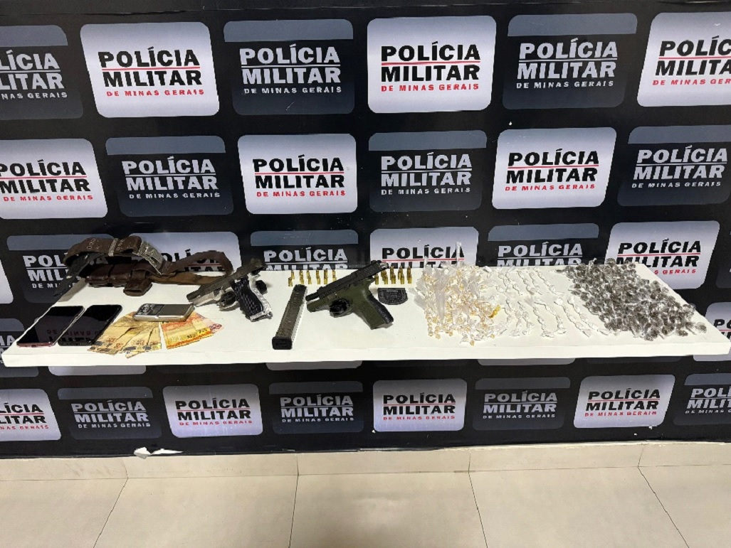 Com os suspeitos, os militares localizaram duas pistolas 9mm, sendo uma delas com seletor de rajada, munições, drogas e dinheiro. “Nós temos trabalhado diuturnamente para combater a criminalidade violenta. Nós estamos recebendo apoio da Rotam para que juntos, possamos fazer frente, principalmente aos crimes de homicídio, conforme foi desvendado. Nós continuamos trabalhando de forma incessante a fim de que esse tipo de crime não prospere em nosso batalhão e nossa região. Gostaríamos de pedir à população que, caso tenha mais informações a respeito do tráfico de drogas, a respeito dos crimes de homicídio, que possam estar nos auxiliando através do 181 e do 190”, reforçou o tenente Eledylson.
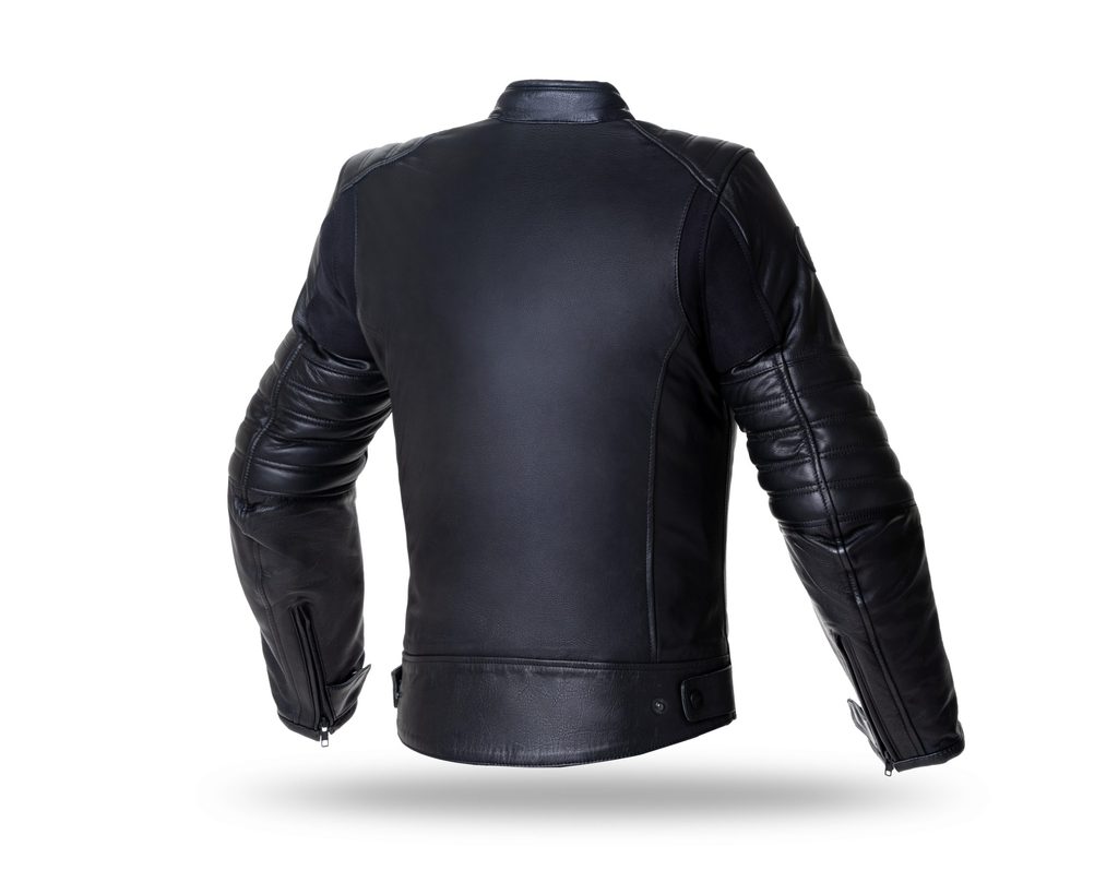 Cafe Racer winter jacket for men. Simple and elegant with diamond stitching design. Made in full analine bovine leather, with elastic fabric in flexible areas, and removable lining Prilation 100gr. Leather comfort collar. Button collar closure system with two adjustment positions. Wrists with zipper and button closure. Adjustable to the hip with button. Two zippered side pockets. Padded gussets at shoulders and elbows for comfort. YKK main zipper and YKK and MAX secondary zippers. Includes cell phone pocket. Removable elbow and shoulder protectors level 1 approved (EN1621). The protections can be replaced by Seventy Degrees level 2 protections (EN1621). Interior pocket for back protector (not included) level 2 SD-A10 certified to EN1621 standards.
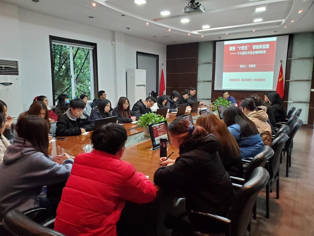 为了进一步学习宣传贯彻党的十九届五中全会精神,2020年12月13日下午,公司党委副书记倪建发老师亲临TapTap点点为师生做以“聚焦‘十四五’,擘画新征程”为主题的十九届五中全会精神宣讲。宣讲会由公司党总支书记项光春主持,
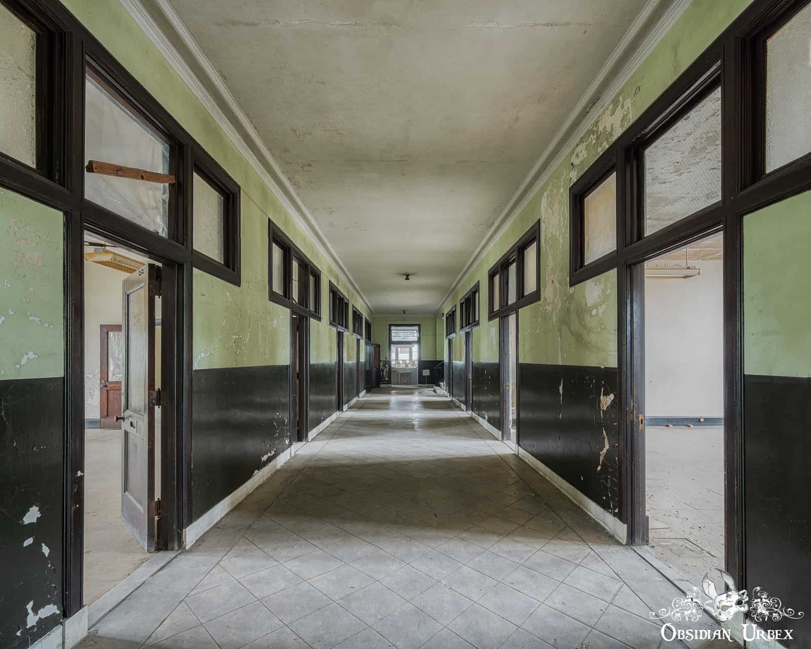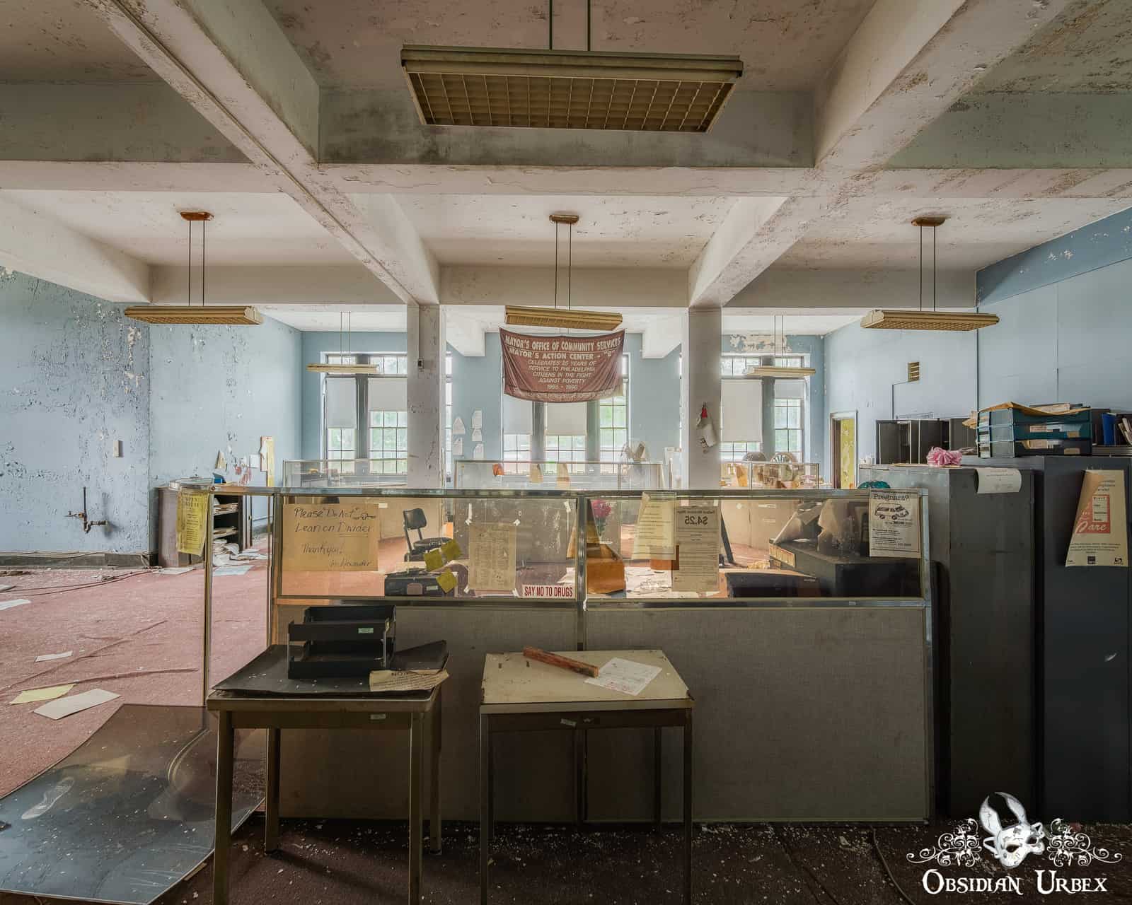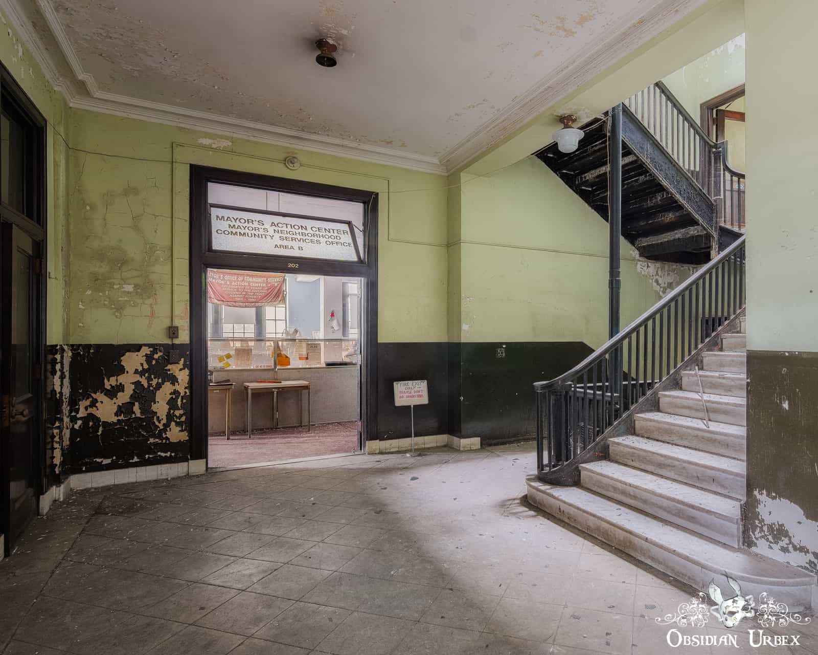 A few years later, the new town hall was constructed. The building covers 20,000 square feet, over three floors. The clock and bell from the old town hall were lovingly re-instated in their new home atop the new tower. Below the clock tower, a green-painted rotunda was added. Two marble memorial tablets line the walls beneath the dome, emblazoned with the names of the towns fallen soldiers from World War 1. Leading from the dome are corridors of various offices, mostly empty now. One office retains many interesting original signs and appears relatively untouched, a stark contrast to the rest of the building. The banners and signed state this is the “Mayor’s Office of Community Services”. There are files and stationery littering the desk, and a lot of original vintage signs.
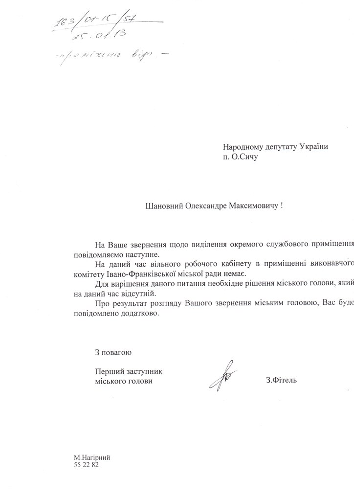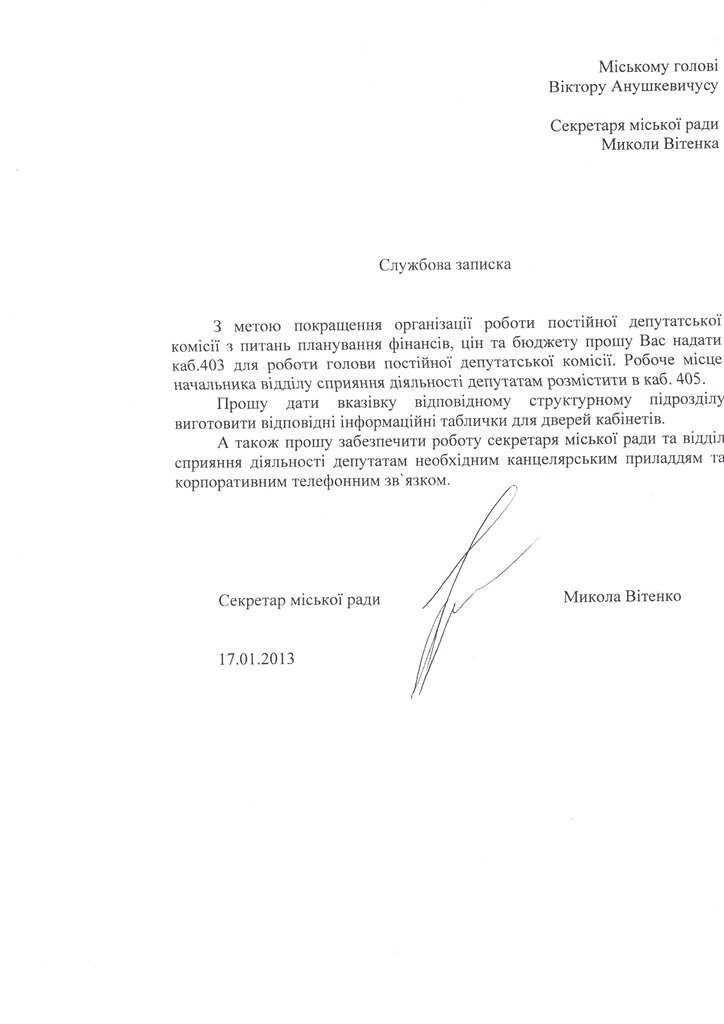 Тож, згідно нижче поданого документу, 17 січня Олександр Сич звернувся до міського голови з проханням у будівлі, яке займає виконавчий комітет, надати йому приміщення для помічника.
══════════
* ABOUT THIS EXERCISE
Print the records above exactly as they stand, but leave out the pictures.

* COMPLETED TASK
 Com os suspeitos, os militares localizaram duas pistolas 9mm, sendo uma delas com seletor de rajada, munições, drogas e dinheiro. “Nós temos trabalhado diuturnamente para combater a criminalidade violenta. Nós estamos recebendo apoio da Rotam para que juntos, possamos fazer frente, principalmente aos crimes de homicídio, conforme foi desvendado. Nós continuamos trabalhando de forma incessante a fim de que esse tipo de crime não prospere em nosso batalhão e nossa região. Gostaríamos de pedir à população que, caso tenha mais informações a respeito do tráfico de drogas, a respeito dos crimes de homicídio, que possam estar nos auxiliando através do 181 e do 190”, reforçou o tenente Eledylson.
 Cafe Racer winter jacket for men. Simple and elegant with diamond stitching design. Made in full analine bovine leather, with elastic fabric in flexible areas, and removable lining Prilation 100gr. Leather comfort collar. Button collar closure system with two adjustment positions. Wrists with zipper and button closure. Adjustable to the hip with button. Two zippered side pockets. Padded gussets at shoulders and elbows for comfort. YKK main zipper and YKK and MAX secondary zippers. Includes cell phone pocket. Removable elbow and shoulder protectors level 1 approved (EN1621). The protections can be replaced by Seventy Degrees level 2 protections (EN1621). Interior pocket for back protector (not included) level 2 SD-A10 certified to EN1621 standards.
 为了进一步学习宣传贯彻党的十九届五中全会精神,2020年12月13日下午,公司党委副书记倪建发老师亲临TapTap点点为师生做以“聚焦‘十四五’,擘画新征程”为主题的十九届五中全会精神宣讲。宣讲会由公司党总支书记项光春主持,
 A few years later, the new town hall was constructed. The building covers 20,000 square feet, over three floors. The clock and bell from the old town hall were lovingly re-instated in their new home atop the new tower. Below the clock tower, a green-painted rotunda was added. Two marble memorial tablets line the walls beneath the dome, emblazoned with the names of the towns fallen soldiers from World War 1. Leading from the dome are corridors of various offices, mostly empty now. One office retains many interesting original signs and appears relatively untouched, a stark contrast to the rest of the building. The banners and signed state this is the “Mayor’s Office of Community Services”. There are files and stationery littering the desk, and a lot of original vintage signs.
 Тож, згідно нижче поданого документу, 17 січня Олександр Сич звернувся до міського голови з проханням у будівлі, яке займає виконавчий комітет, надати йому приміщення для помічника.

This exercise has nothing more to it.